Справедливости ради скажу, что большинство жителей нашего небольшого провинциального городка, названного ещё во времена Ивана IV Красной Слободой, не принадлежало к лагерю воинствующих атеистов и новость эту за новость не приняли – у всех слободчан дети были крещённые. На Аномалии без надежды на Бога – не проживёшь. И секретарь райисполкома, и председатель сельсовета, да и другие аномальные руководители, когда сталкивались с необъяснимым и загадочным (чего в любой аномальной зоне хватает), всегда тайком осеняли себя крестным знамением. Кое-кто из них носил даже нательный крестик, снимая его только перед походом в слободскую баню.

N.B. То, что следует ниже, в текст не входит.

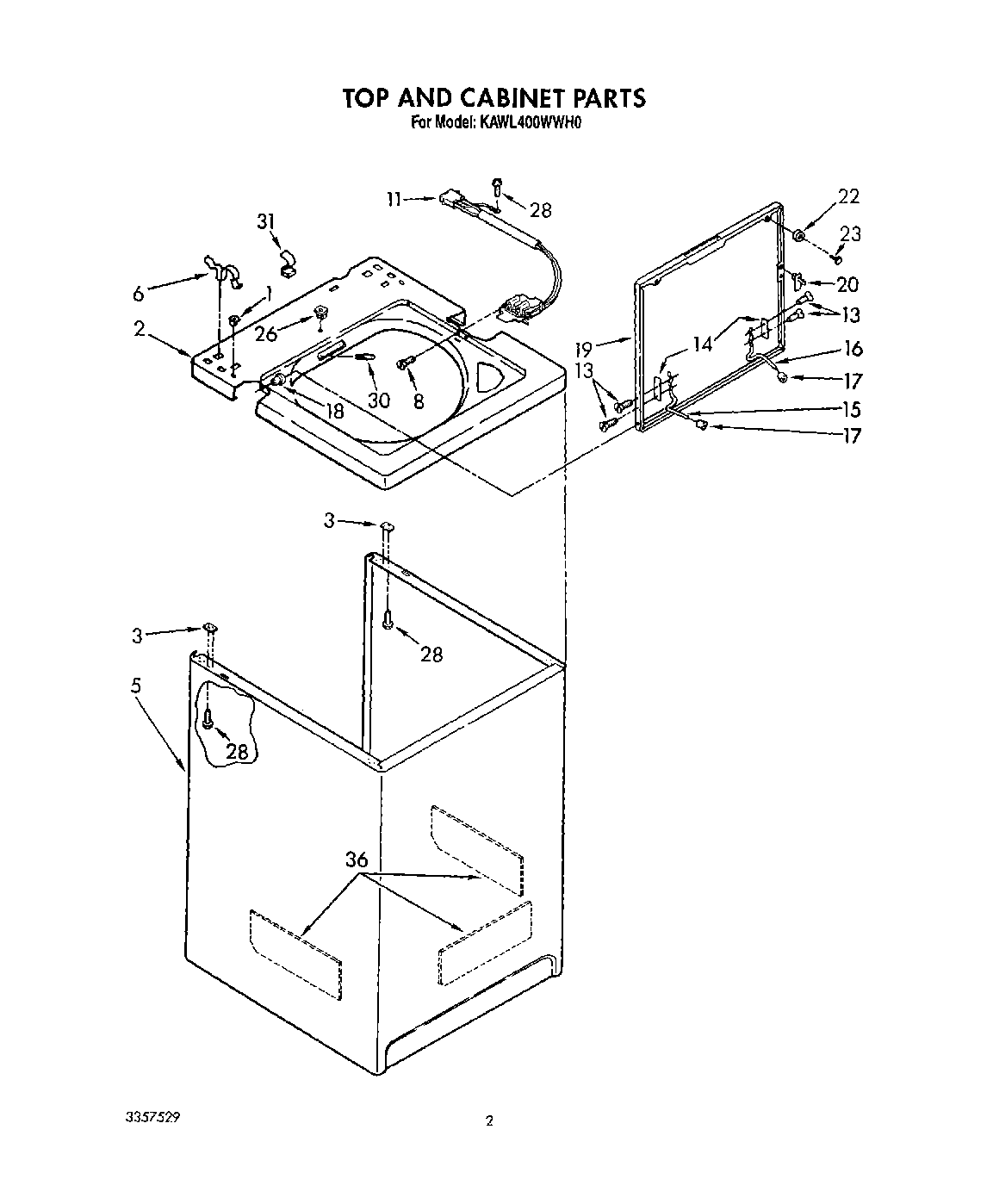 KAWL400WAL0 02 – TOP AND CABINET, LIT/OPTIONAL

Но только Пётр Карагодин, насколько я его помню, был не из таких. Поставленный партией над аномальным народом во главу руководства всей жизнью в Краснослободске и его окрестностях, секретарь райкома Григорий Карагодин, которого за глаза называли Гришкой Распутиным, ни в Бога, ни в чёрта не верил. После того, как «компетентные органы» компетентно доложили Гришке о «постыдном факте крещения в вверенном ему районе», он выступил по слободскому радио с разоблачительной речью. Мол, в местечке, которая спокон века называется Красная Слобода, такие вредные пережитки прошлого нужно изводить на корню. Сын героя-партизана Петра Карагодина, бывший комиссар партизанского отряда «Мститель», считал, что Слобода названа Красной, так сказать, «по коммунистическим мотивам». По аналогии с родной Красной армией, что ли…Тут надо уточнить, что красный цвет был любимым цветом власти в нашей аномальной зоне, и все официальные праздники были красными, как и красные транспаранты, красные знамёна, красные носы у демонстрантов, несущих красные лозунги у красной трибуны на площади, где стоял памятник красному герою-партизану Григорию Карагодину. Мать Павла, видно, опозорила своим поступком цвет человеческой крови, войны и всех революций, которые произошли на Аномалии.

С матерью маленького Павла так и сделали –под руководством Гришки Распутина, то бишь первого секретаря Краснослободского райкома партии, «извели её на корню». Через месяц после этой радиопередачи бедная женщина, зажав вместе с нательным крестиком сына партбилет в слабом кулачке, умерла «от сердца». Так говорили бабки у водозаборной колонки. А Фока Лукич, квартировавший у наших соседей, усыновил Пашку, круглого сироту, дав ему зачем-то свою нелепую фамилию Альтшуллер, которую, когда мы начали изучать немецкий, я перевёл как старый ученик. (Много позже понял, что мудрый Фока Лукич был не старым, а вечным учеником, позже вы, надеюсь, поймёте почему).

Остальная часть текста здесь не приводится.